Work instructions:
Give the entries below again, word for word, and leave out the images.

Collection entries:

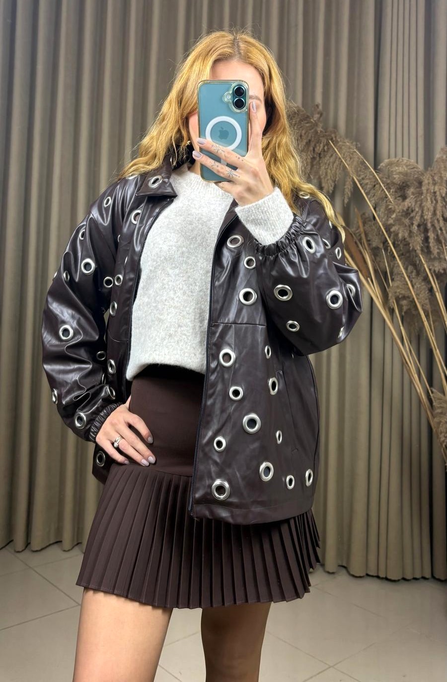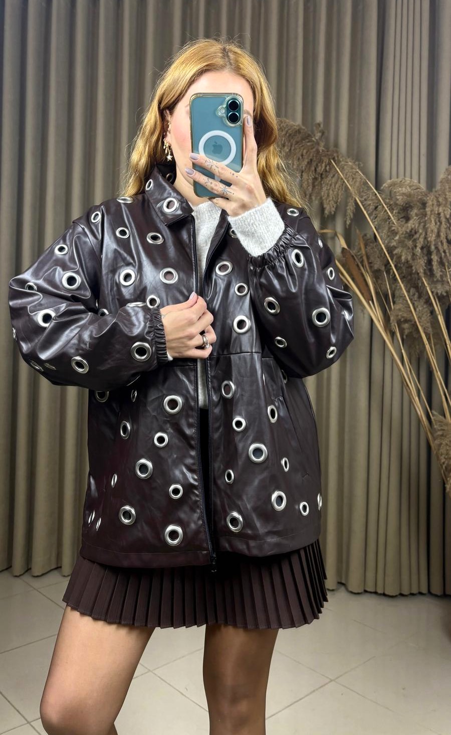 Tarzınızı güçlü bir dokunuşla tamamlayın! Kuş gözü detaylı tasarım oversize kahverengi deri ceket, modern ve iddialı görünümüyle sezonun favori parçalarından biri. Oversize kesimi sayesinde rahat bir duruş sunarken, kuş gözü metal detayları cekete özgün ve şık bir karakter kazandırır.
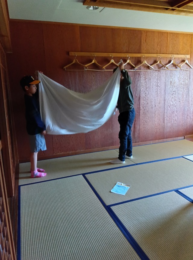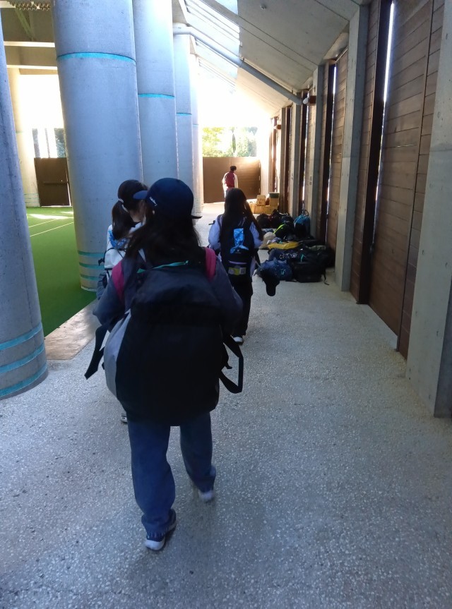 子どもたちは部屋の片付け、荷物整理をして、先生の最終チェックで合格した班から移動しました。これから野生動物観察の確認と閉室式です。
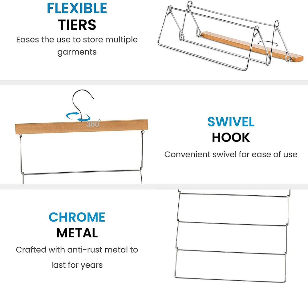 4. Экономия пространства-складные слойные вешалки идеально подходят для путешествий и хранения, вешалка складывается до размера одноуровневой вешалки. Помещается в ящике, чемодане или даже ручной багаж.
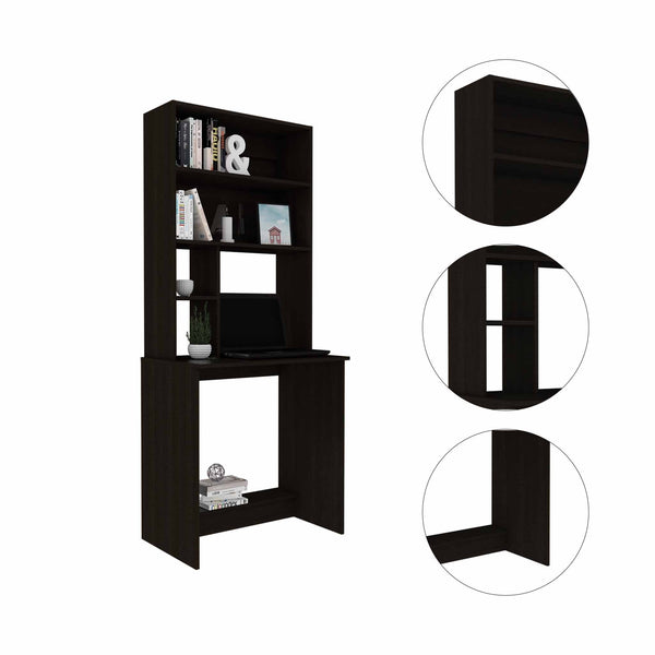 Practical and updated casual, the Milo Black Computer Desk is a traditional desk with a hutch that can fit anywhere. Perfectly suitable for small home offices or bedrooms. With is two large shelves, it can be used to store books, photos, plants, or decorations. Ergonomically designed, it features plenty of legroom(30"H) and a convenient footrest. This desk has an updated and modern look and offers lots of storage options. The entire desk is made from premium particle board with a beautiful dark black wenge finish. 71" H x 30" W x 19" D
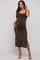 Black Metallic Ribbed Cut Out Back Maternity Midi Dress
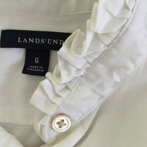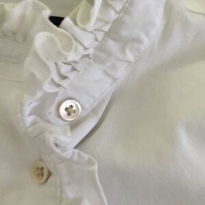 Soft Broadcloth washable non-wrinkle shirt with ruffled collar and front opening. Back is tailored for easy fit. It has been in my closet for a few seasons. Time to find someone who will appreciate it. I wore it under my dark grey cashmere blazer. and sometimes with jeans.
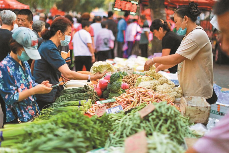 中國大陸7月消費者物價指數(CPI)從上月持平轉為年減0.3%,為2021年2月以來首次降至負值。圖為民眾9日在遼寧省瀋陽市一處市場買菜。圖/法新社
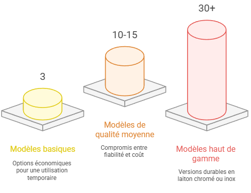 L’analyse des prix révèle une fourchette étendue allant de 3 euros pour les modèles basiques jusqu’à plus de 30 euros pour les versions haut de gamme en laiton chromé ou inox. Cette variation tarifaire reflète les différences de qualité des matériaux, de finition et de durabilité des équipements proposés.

Output below:
 Tarzınızı güçlü bir dokunuşla tamamlayın! Kuş gözü detaylı tasarım oversize kahverengi deri ceket, modern ve iddialı görünümüyle sezonun favori parçalarından biri. Oversize kesimi sayesinde rahat bir duruş sunarken, kuş gözü metal detayları cekete özgün ve şık bir karakter kazandırır.
 子どもたちは部屋の片付け、荷物整理をして、先生の最終チェックで合格した班から移動しました。これから野生動物観察の確認と閉室式です。
 4. Экономия пространства-складные слойные вешалки идеально подходят для путешествий и хранения, вешалка складывается до размера одноуровневой вешалки. Помещается в ящике, чемодане или даже ручной багаж.
 Practical and updated casual, the Milo Black Computer Desk is a traditional desk with a hutch that can fit anywhere. Perfectly suitable for small home offices or bedrooms. With is two large shelves, it can be used to store books, photos, plants, or decorations. Ergonomically designed, it features plenty of legroom(30"H) and a convenient footrest. This desk has an updated and modern look and offers lots of storage options. The entire desk is made from premium particle board with a beautiful dark black wenge finish. 71" H x 30" W x 19" D
 Black Metallic Ribbed Cut Out Back Maternity Midi Dress
 Soft Broadcloth washable non-wrinkle shirt with ruffled collar and front opening. Back is tailored for easy fit. It has been in my closet for a few seasons. Time to find someone who will appreciate it. I wore it under my dark grey cashmere blazer. and sometimes with jeans.
 中國大陸7月消費者物價指數(CPI)從上月持平轉為年減0.3%,為2021年2月以來首次降至負值。圖為民眾9日在遼寧省瀋陽市一處市場買菜。圖/法新社
 L’analyse des prix révèle une fourchette étendue allant de 3 euros pour les modèles basiques jusqu’à plus de 30 euros pour les versions haut de gamme en laiton chromé ou inox. Cette variation tarifaire reflète les différences de qualité des matériaux, de finition et de durabilité des équipements proposés.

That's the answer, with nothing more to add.